(ASSIGNED TASK)
Apart from the images, every record below must be given again without alteration.

(TASK DATA)
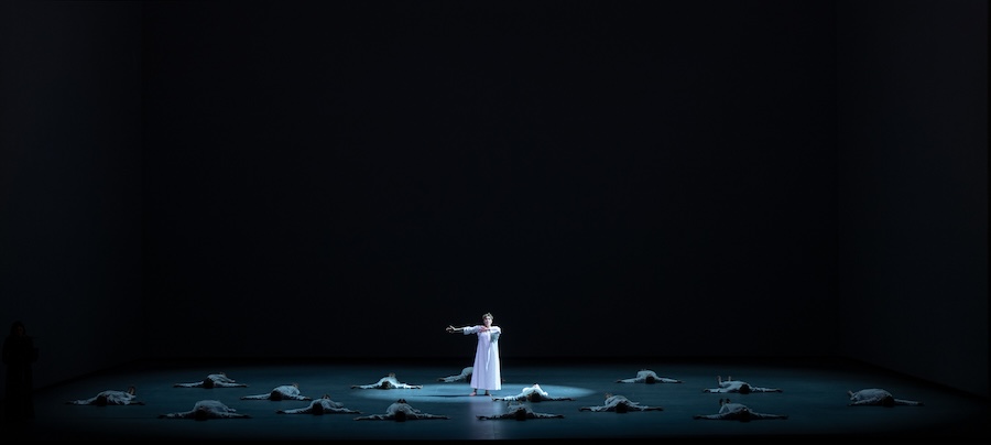 E poi c’è il finale, uno dei più sconvolgenti della storia dell’opera. Carsen evita qualsiasi realismo: niente ghigliottina in scena. La morte delle monache si consuma in una progressiva sottrazione, mentre le voci si spengono una a una sul Salve Regina. I corpi cadono, lentamente, seguendo una coreografia di Philippe Giraudeau, fino a riempire il palcoscenico di assenze. Un’immagine potentissima, che chiude lo spettacolo in un cerchio quasi perfetto, riportando lo sguardo al punto di partenza.
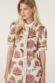 The Evita Maxi Dress by Cable Melbourne is a perfect blend of elegance and comfort, crafted from a sheer, breathable silk-cotton voile in an exclusive print. Designed for a regular fit, this dress features a button-through front, short sleeves with adjustable button cuffs, and a matching fabric belt for added style. Convenient side pockets and a lined slip complete the sophisticated design.
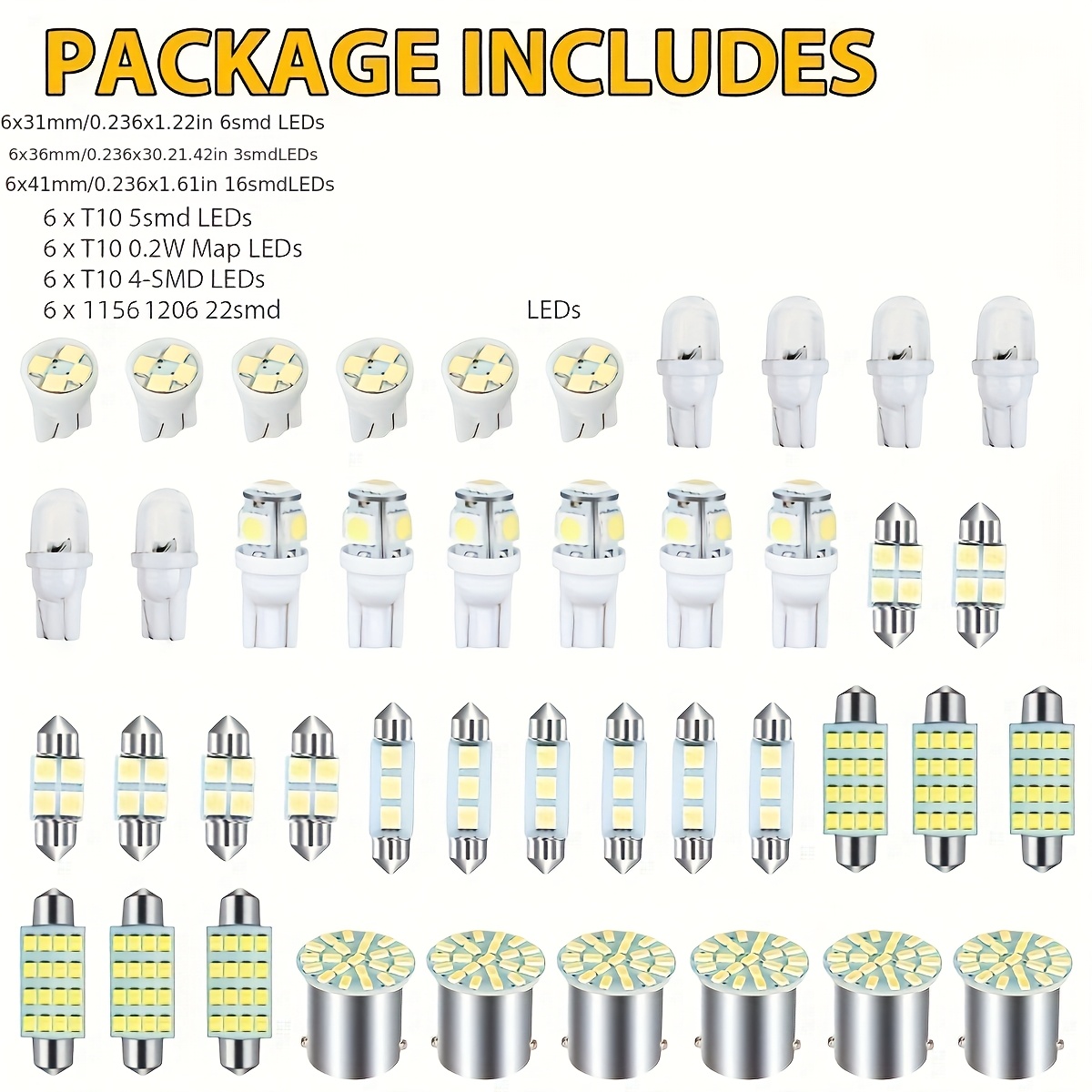 Набор из 42 белых светодиодных ламп для автомобиля 6000K 12V, внутреннее освещение, панель, карта
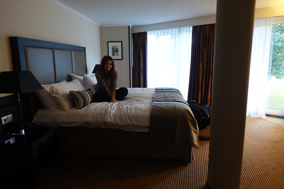 Na een uurtje rijden zijn we in Beetsterzwaag, we worden heel hartelijk ontvangen bij Bilderberg Landgoed Lauswolt. En onze kamer is echt bizar! Ik denk dat dit de grootste kamer is waar ik ooit in geslapen heb, ik denk dat ons vorige appartement kleiner was… Dit is de zithoek.
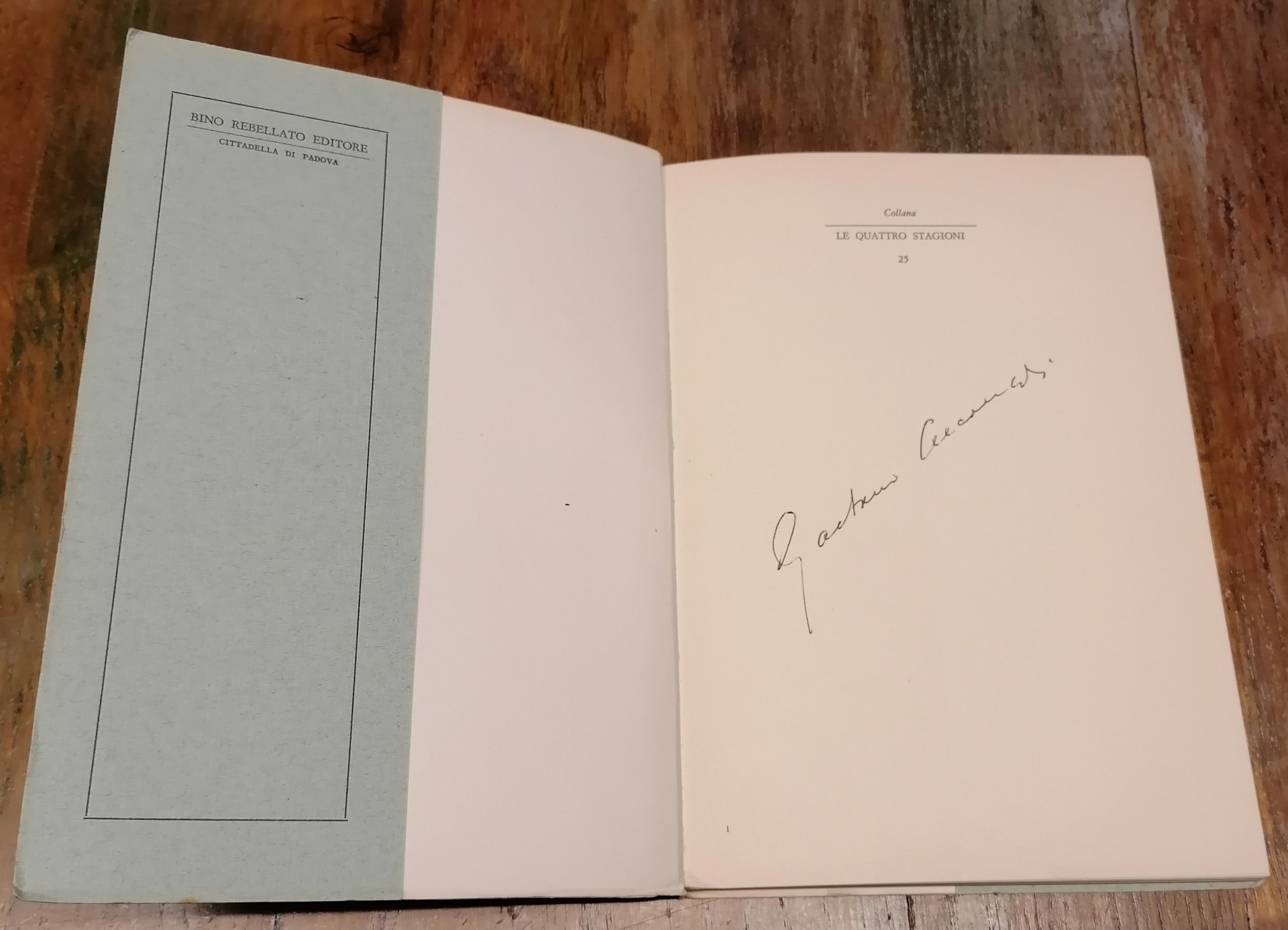 In 8°, brossura editoriale con sovraccoperta a stampa, pp. 91,(5), conservata la scheda bibliografica editoriale. Collana "Le quattro stagioni", n. 25. Prima edizione. Firma autografa dell'autore all'occhiello. Volume ben conservato.

(ANSWER FOR THIS EXERCISE)
 E poi c’è il finale, uno dei più sconvolgenti della storia dell’opera. Carsen evita qualsiasi realismo: niente ghigliottina in scena. La morte delle monache si consuma in una progressiva sottrazione, mentre le voci si spengono una a una sul Salve Regina. I corpi cadono, lentamente, seguendo una coreografia di Philippe Giraudeau, fino a riempire il palcoscenico di assenze. Un’immagine potentissima, che chiude lo spettacolo in un cerchio quasi perfetto, riportando lo sguardo al punto di partenza.
 The Evita Maxi Dress by Cable Melbourne is a perfect blend of elegance and comfort, crafted from a sheer, breathable silk-cotton voile in an exclusive print. Designed for a regular fit, this dress features a button-through front, short sleeves with adjustable button cuffs, and a matching fabric belt for added style. Convenient side pockets and a lined slip complete the sophisticated design.
 Набор из 42 белых светодиодных ламп для автомобиля 6000K 12V, внутреннее освещение, панель, карта
 Na een uurtje rijden zijn we in Beetsterzwaag, we worden heel hartelijk ontvangen bij Bilderberg Landgoed Lauswolt. En onze kamer is echt bizar! Ik denk dat dit de grootste kamer is waar ik ooit in geslapen heb, ik denk dat ons vorige appartement kleiner was… Dit is de zithoek.
 In 8°, brossura editoriale con sovraccoperta a stampa, pp. 91,(5), conservata la scheda bibliografica editoriale. Collana "Le quattro stagioni", n. 25. Prima edizione. Firma autografa dell'autore all'occhiello. Volume ben conservato.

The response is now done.